Question : vous avez effectué un long périple dans plusieurs pays européens ainsi qu’aux Etats-Unis, pouvez-vous nous livrer le bilan de cette tournée ?
Réponse : le bilan de ma tournée en Europe et aux Etats-Unis est très visible, d’abord au niveau du pouvoir mauritanien qui a été troublé par mon retour, qui s’est passé d’une manière pacifique et légale, avec toutes les démarches dignes d’une personne qui privilégie la compétition au niveau des idées et des stratégies. Le régime accuse ainsi le coup devant l’impact, la cohésion et l’élargissement d’IRA Mauritanie.
Le régime de Mohamed Abdel Aziz est frappé par les dernières victoires d’IRA suite à ma sortie de prison le 17 mai 2016, qui s’est transformée en plébiscite au niveau national et international, valant à notre combat de très nombreux soutiens.
Aujourd’hui, le régime est affaibli sur le plan diplomatique par tout ce qui a matérialisé notre supériorité dans le concert des Nations comme distinctions et reconnaissances de haut niveau.
Les tentatives du pouvoir de reprendre main en essayant de mettre des embûches devant notre connexion avec le peuple mauritanien très mobilisé en notre faveur les 15 et 16 janvier 2015 à Rosso et à Nouakchott, mais aussi aujourd’hui, le 7 mai 2017 à Gouraye et dans le Guidimagha, resteront vaines. En se débattant, le pouvoir a imprimé beaucoup plus de publicité et d’impact à mon passage et celui des militants dans la région, déployant des forces militaires, administratives et politiques, remettant en selle les armées d’aboyeurs et de laudateurs du système coopté parmi l’élite et les cadres des populations locales chosifiés et méprisés par un pouvoir monocolore et afrophobe réfractaire à toute égalité entre races et à toute culture des droits de l’homme ou de démocratie. Tout ce déploiement sécuritaire est à la hauteur de la foce d’IRA Mauritanie et de la panique mais aussi de ce cafouillage qu’elle inspire aux tenants du système.
Question : beaucoup de personnes trouvent que vous avez changé de discours ces derniers temps, et que vous êtes devenus plus conciliants.

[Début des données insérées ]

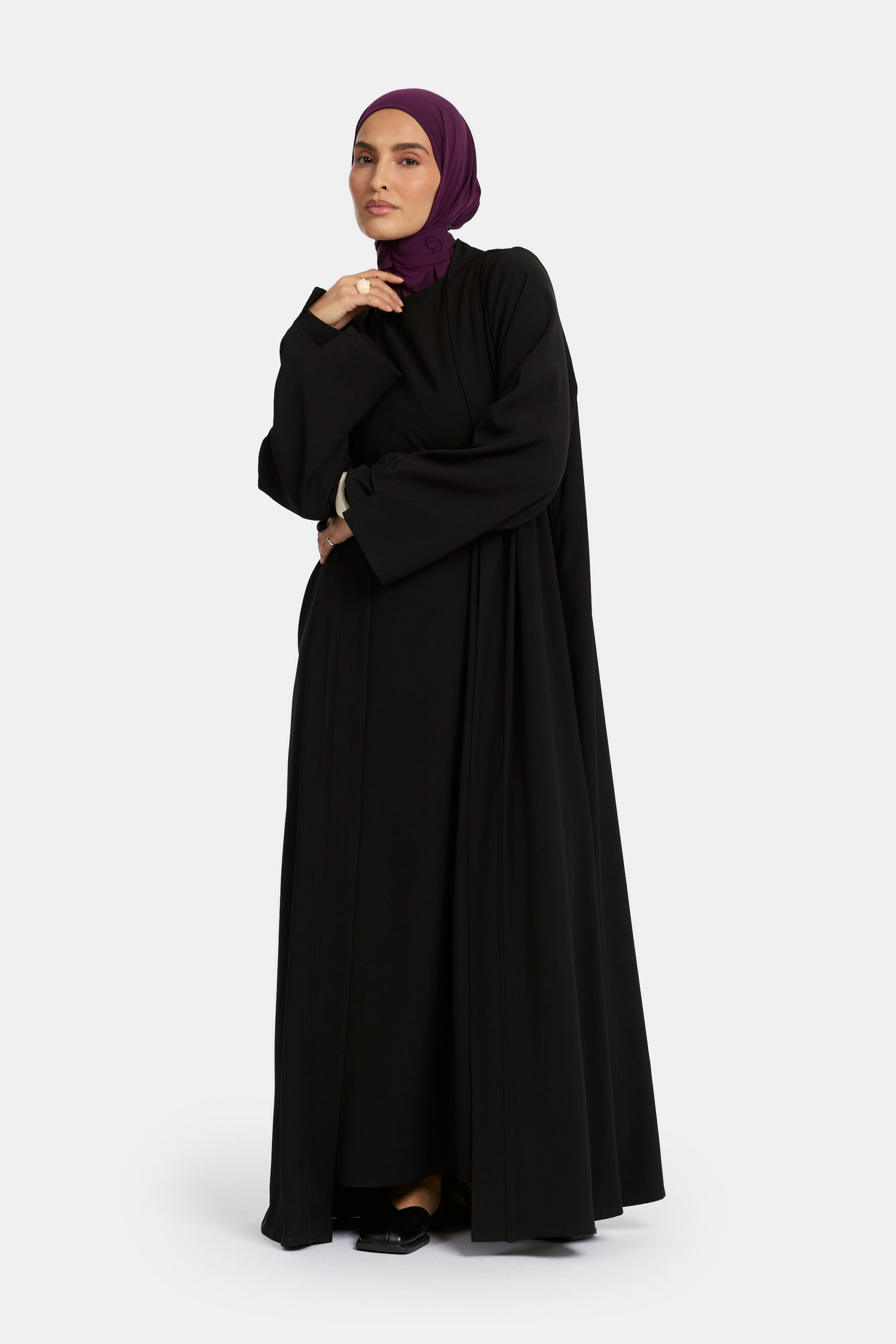 The Soft Skin Cut Abaya Set is made from a soft, textured fabric for a comfortable and elegant look. The matching underdress has long sleeves and is crafted from a thick, high-quality material, making it perfect for colder days. Together, they create a stylish and cozy outfit suitable for everyday wear or special occasions.

Est-ce qu’IRA est en train de changer de stratégie de combat ?
Réponse : le mouvement IRA reste sur la même lancée, mais je pense que les priorités changent au gré des circonstances. Durant les premières années de son combat, IRA était obligé de répondre aux violentes attaques des laudateurs politiques et aux autres corporations sociales comme les érudits, à certains pseudo journalistes ou écrivains. Ces premières années ont permis à IRA de gagner la sympathie de larges cercles qui étaient dressés auparavant contre le mouvement et son président. Ce changement s’est matérialisé par la main tendue des autorités et des autres pans du système. C’est pourquoi l’urgence n’est plus aujourd’hui à la polémique et aux ripostes acerbes et aux coups sévères qu’IRA assénait dans le tas ici et là. Aujourd’hui, IRA est moins esseulé, plus soutenu, plus serein et plus magnanime. Conséquence de cet état de fait, le fond de nos idées reste le même. Bien sûr, nous n’avons jamais épousé la violence.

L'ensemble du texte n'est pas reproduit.